1 §. Aeltern. Sein Vater war Sthenelus, des Perseus Sohn, König zu Mycenen, und die Mutter Nicippe, eine Tochter des Pelops. Apollod. lib. II. c. 4. §. 6. Einige nennen sie Antibia; Didym. ad Hom. Il. T. 119. und nach andern soll sie Archippe geheißen haben. Barnes. ad Eurip. Alcest. 1150. & Heracl. 362.

[1092] 2 §. Geburt. Weil Jupiter den Herkules gern groß machen wollte, so ließ er sich bey instehender Geburt desselben, in der Versammlung der andern Götter, vernehmen, daß, wer solchen Tag geboren würde, die Herrschaft über alle Nachkommen des Perseus haben sollte.

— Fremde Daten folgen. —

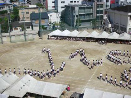 人文字で“145”という数字が出来上がりました。この形ができたところで、3年生代表からスピーチがありました(内容は、後日掲載予定)。3年生の総数135人+3年所属教員10人=145人です。人文字の145は、この数字を表しているのです。3年生は、退場まで、しっかりと行進しました。
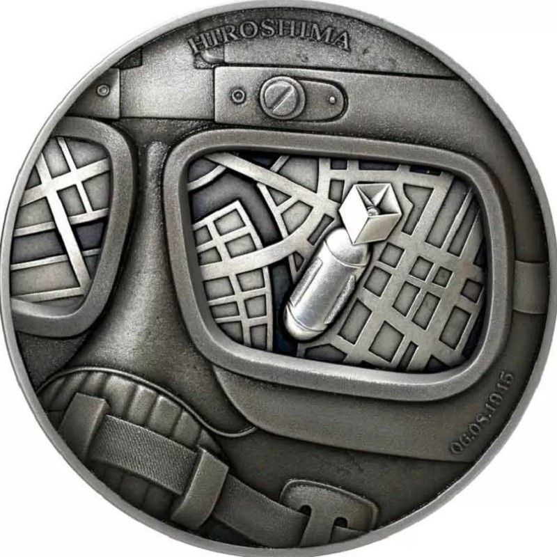 На реверсе монеты изображена маска пилота, отражающая сцену сброса бомбы на японский город. В дизайне также присутствует некоторое свечение в темных частях, намекая на представления людей о появлении радиоактивных веществ. Вверху надписи: "HIROSHIMA" - название монеты и "06.08.1945" - дата бомбардировки.
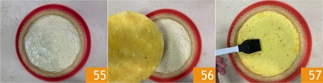 Debes obtener una capa homogénea 55. Pincela con el almíbar un lado del segundo disco de bizcocho, de 1 cm de grosor, colócalo sobre la crema, con el lado humedecido hacia abajo 56, luego pincélalo con el almíbar de ron también por el otro lado 57.
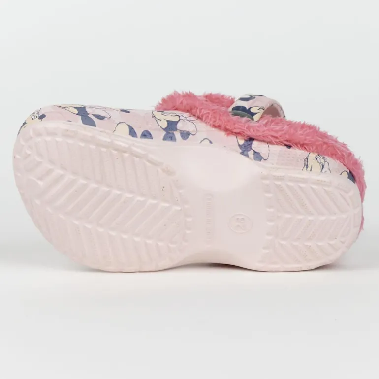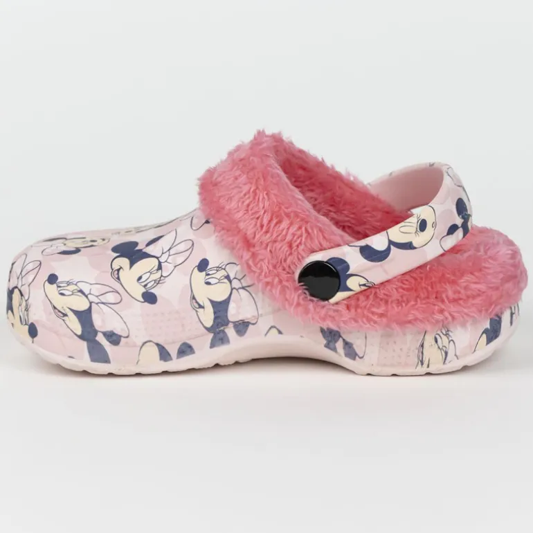 Descubre el encantador diseño de las zapatillas de casa zueco borreguillo inspiradas en Minnie. Estas zapatillas presentan un alegre estampado en tonos rosas y crema con la imagen icónica de Minnie Mouse repetida en todo el calzado. El borde está adornado con un suave forro de borreguillo en un vibrante color rosa, asegurando calidez y comodidad en cada paso.
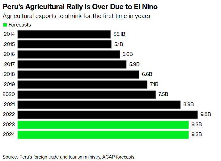 Moderate Intensity: Peru’s agricultural exporters are bracing for tough times as a second year of bad weather upends a prolonged period of growth that turned the Andean nation into a fruit and vegetable powerhouse. The El Nino weather phenomenon means revenue from farm shipments probably will shrink 5% this year and stay flat next year, said Gabriel Amaro, head of agribusiness group AGAP. That’s a trend breaker in an industry that grew through the depths of the pandemic and when El Nino last struck in 2017. The uninterrupted expansion made Peru the top exporter of grapes and blueberries and among the biggest suppliers of mangoes, asparagus, and avocados. - El Nino Is Set to Put an End to Peru's Long Run of Fruit Export Growth - Bloomberg
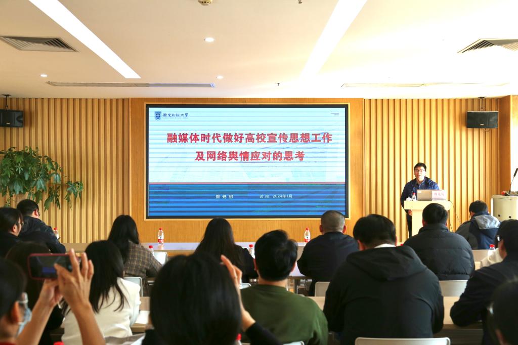 在经验分享会上,广东财经大学宣传部理论与思政科科长曾光初结合理论和具体案例,从习近平文化思想是做好融媒体时代高校宣传思想文化工作的指南、融媒体时代宣传思想工作面临的挑战、融媒体时代的高校舆情应对与引导三方面作经验分享,为参会人员如何处置学校突发事件,防范化解舆情危机,做好舆情应对与引导提供了宝贵的经验借鉴。
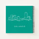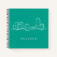 This design features a hand drawn sketch of the Orlando skyline on a turquoise background.
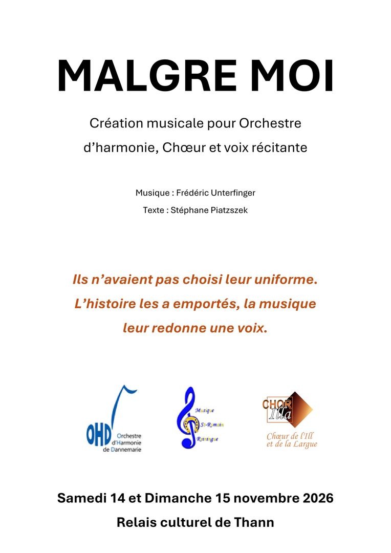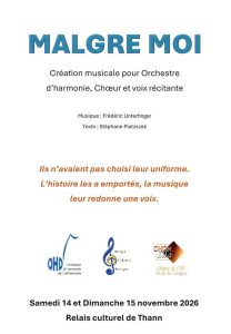 14 et 15 novembre 2026 : concerts orchestre, chœur et voix récitante
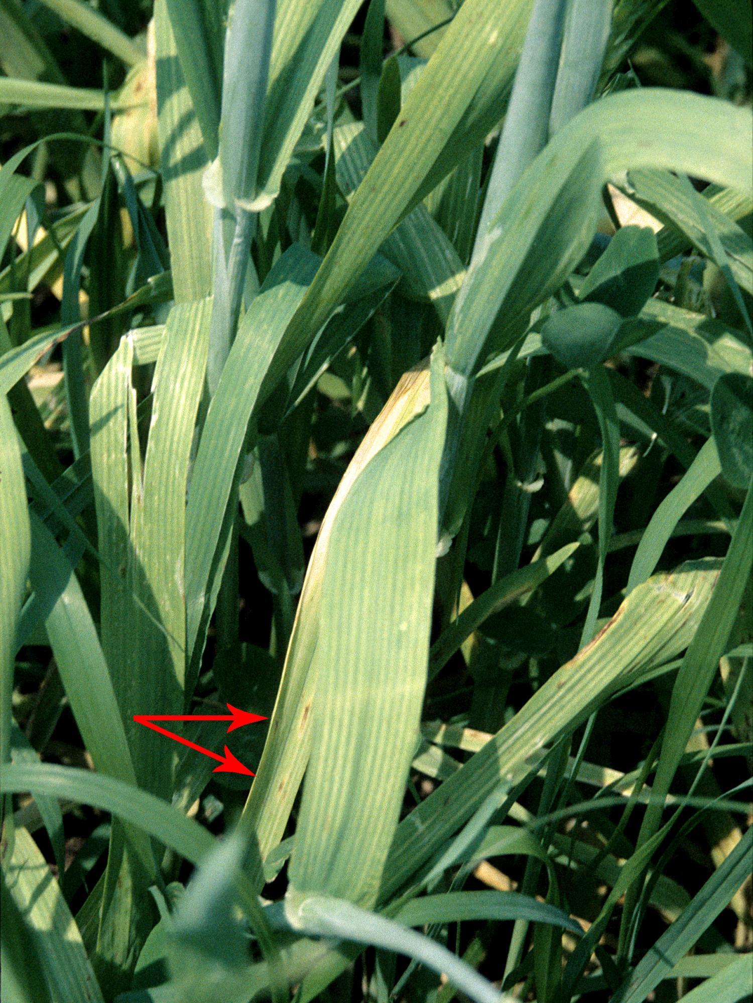 Description: Sur des feuilles d’orge, présence d’un jaunissement ou d’un blanchiment du limbe entre les nervures qui demeurent vertes. Sur quelques feuilles, présence de petites taches ovales grises à brunes le long des nervures (voir flèches). Ces symptômes sont caractéristiques de la carence en manganèse chez l’orge.

Als Juno solches hörete, so vermochte sie, aus Eifersucht gegen die Alkmene und den Herkules, die Ilithyia, daß sie des Herkules Geburt so lange aufhielt, bis indessen Nicippe den Eurystheus geboren hatte, ungeacht dieser damals erst sieben Monate alt war. Apollod. lib. II. c. 4. §. 5. Hom. Il. Τ. 98. Ob nun wohl Jupiter solchergestalt betrogen wurde, so überredete ihn dennoch Juno vollends, daß er sein Wort hielt, dem Herkules aber auch zustund, daß, wenn er zwölf Befehle des Eurystheus würde vollbracht haben, er sodann selbst mit unter die Götter sollte aufgenommen werden. Auf diese Art behielt Eurystheus allerdings die Herrschaft über den Herkules. Diod. Sic. lib. IV. c. 9. p. 152.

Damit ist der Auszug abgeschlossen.